Fire took a break from the healing rooms and walked among the tents, through clammy patches of fog that rose from the melting water, her guard making a loose circle around her. The soldiers were untalkative, their eyes latching on to her, wide and tired, wherever she went. ‘No,’ she said, when her guard made a move to stop a man who reached for her arm. ‘He doesn’t want to hurt me.’ She looked around and said with conviction, ‘No one here wants to hurt me.’ They only wanted a bit of reassurance on the night before a battle. Perhaps it was a thing she could give.
It was fully dark by the time she came upon Nash sitting alone in a chair outside the command tents. The stars were pricking into place in the sky, one at a time, but his head was bent into his hands, where he could not see them. Fire came to stand with him. She put her good hand on the back of his chair to steady her balance as she turned her face to the universe.
He heard her, or felt her, beside him. He reached rather absently for her other hand, stared into it, tracing the living skin at the base of her dead fingers. ‘You have a reputation among the soldiers,’ he said. ‘Not just the injured soldiers - you’ve developed a reputation that’s spread through the entire army. Did you know? They’re saying the beauty of you is so powerful, and the mind of you so warm and insistent and strong, that you can call people back from death.’
Fire spoke quietly. ‘There are many people who’ve died. I’ve tried to hold on, but still they let go.’
Nash sighed and gave her back her hand. He tilted his face up to the stars. ‘We’re going to win this war, you know,’ he said, ‘now that our army’s together. But the world doesn’t care who wins. It’ll go on spinning, no matter how many people are slaughtered tomorrow. No matter if you and I are slaughtered.’ After a moment, he added, ‘I almost wish it wouldn’t, if we aren’t allowed to go on spinning with it.’

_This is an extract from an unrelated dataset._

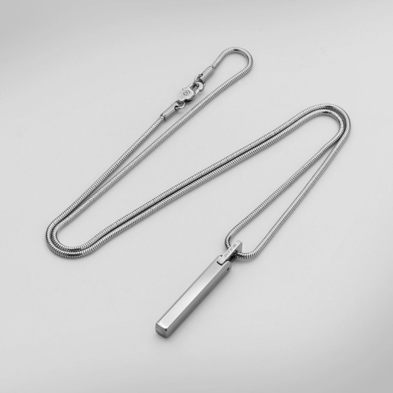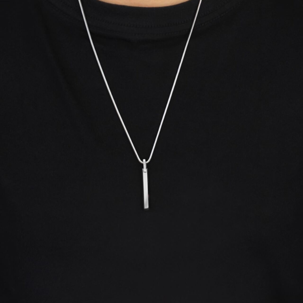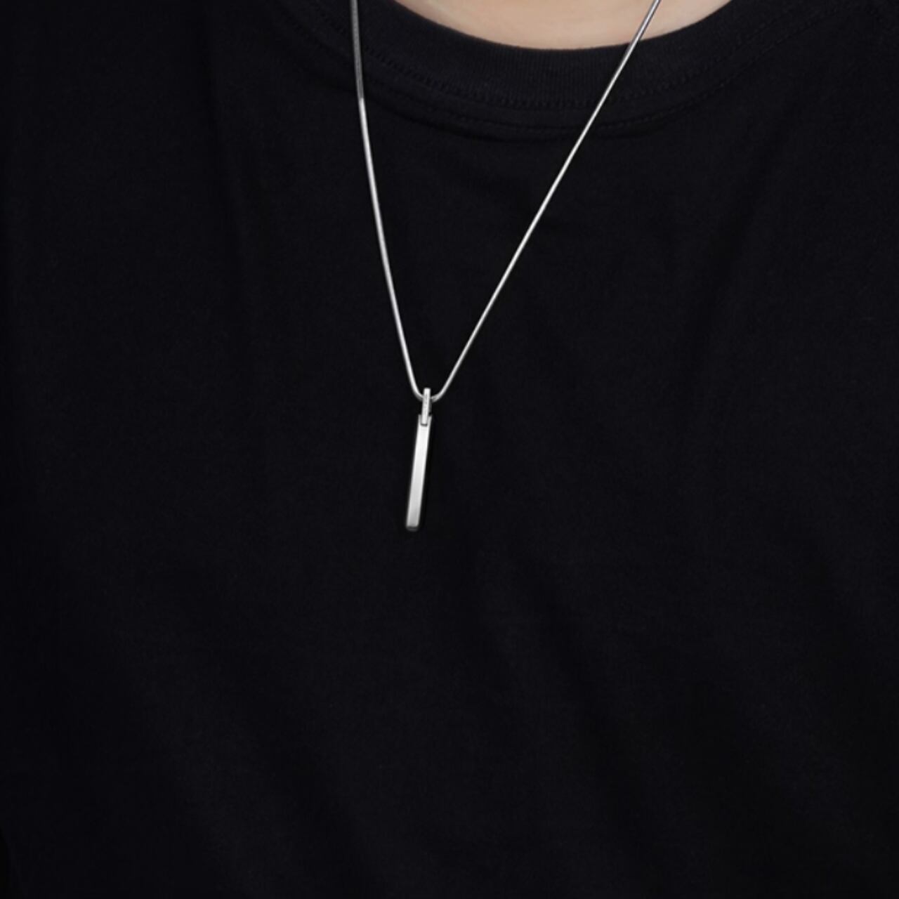 スタイリッシュなバータイプのペンダントが目を引く、メタルネックレス。

MOST SOLDIERS IN the camp were sleeping by the time Fire and her guard left the healing rooms and crossed again to the command tents. She stepped through the flap of Brigan’s office to find him standing at a table covered with diagrams, rubbing his head while five men and three women argued a point about archers and arrows and wind patterns on Marble Rise.
If Brigan’s captains did not notice her unobtrusive entry at first, they came to notice, for the tent, though large, was not so mammoth that seven newcomers could hang back in the corners. The argument dissipated and turned to stares.
‘Captains,’ Brigan said with obvious fatigue. ‘Let this be the only time I ever have to remind you of your manners.’
Eight sets of eyes spun back to the table.
‘Lady Fire,’ Brigan said. He sent her a question. How are you?
Exhausted.
Enough for sleep?
I think so.
I’ll be at this for a while yet. Perhaps you should sleep while you can.
No, I’ll wait for you.
You could sleep here.
Would you wake me when you’re through?
Yes.
Promise?
Yes.
Fire paused. I don’t suppose there’s any way for me to walk into your sleeping quarters without everyone watching?
A quick smile came and went across Brigan’s face. ‘Captains,’ he said, cutting his attention back to his officers, who had been trying their hardest to bore their eyes into the diagrams on the table despite their suspicions that the commander and the monster were engaged in some outlandish manner of silent conversation. ‘Kindly step outside for three minutes.’
First Brigan dismissed the majority of Fire’s guard. Then he escorted Musa, Margo, and Fire through the flap that led to his sleeping tent, and lit the braziers so they wouldn’t be cold.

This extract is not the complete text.